▼

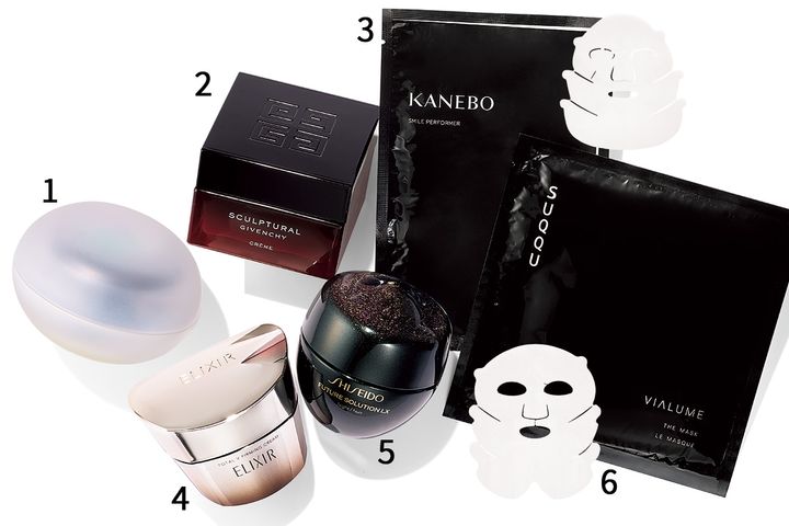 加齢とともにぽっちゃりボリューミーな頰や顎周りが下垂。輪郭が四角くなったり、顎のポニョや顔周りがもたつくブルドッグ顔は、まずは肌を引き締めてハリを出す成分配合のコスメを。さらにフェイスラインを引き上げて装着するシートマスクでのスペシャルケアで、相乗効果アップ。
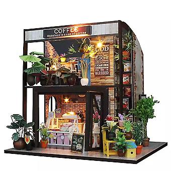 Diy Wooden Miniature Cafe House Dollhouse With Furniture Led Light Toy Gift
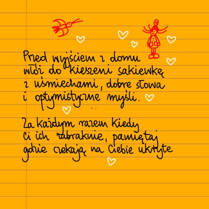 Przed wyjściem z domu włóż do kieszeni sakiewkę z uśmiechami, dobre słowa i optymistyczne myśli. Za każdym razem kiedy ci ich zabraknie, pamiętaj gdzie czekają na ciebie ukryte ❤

▲
▼

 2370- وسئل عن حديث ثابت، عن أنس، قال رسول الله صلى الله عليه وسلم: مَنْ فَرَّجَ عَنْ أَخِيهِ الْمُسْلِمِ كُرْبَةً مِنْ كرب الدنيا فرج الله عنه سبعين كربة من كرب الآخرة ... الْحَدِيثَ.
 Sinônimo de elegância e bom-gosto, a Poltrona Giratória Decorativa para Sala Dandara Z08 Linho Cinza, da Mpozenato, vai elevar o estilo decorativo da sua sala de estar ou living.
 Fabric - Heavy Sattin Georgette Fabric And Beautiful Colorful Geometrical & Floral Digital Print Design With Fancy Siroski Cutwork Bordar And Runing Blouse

▲

**TASK DETAILS:** All that is wanted is a faithful reproduction of the line above with "Sinônimo de elegância", the line with "Fabric - Heavy", and every line in between.

**OUTPUT FOR THIS EXERCISE:**
 Sinônimo de elegância e bom-gosto, a Poltrona Giratória Decorativa para Sala Dandara Z08 Linho Cinza, da Mpozenato, vai elevar o estilo decorativo da sua sala de estar ou living.
 Fabric - Heavy Sattin Georgette Fabric And Beautiful Colorful Geometrical & Floral Digital Print Design With Fancy Siroski Cutwork Bordar And Runing Blouse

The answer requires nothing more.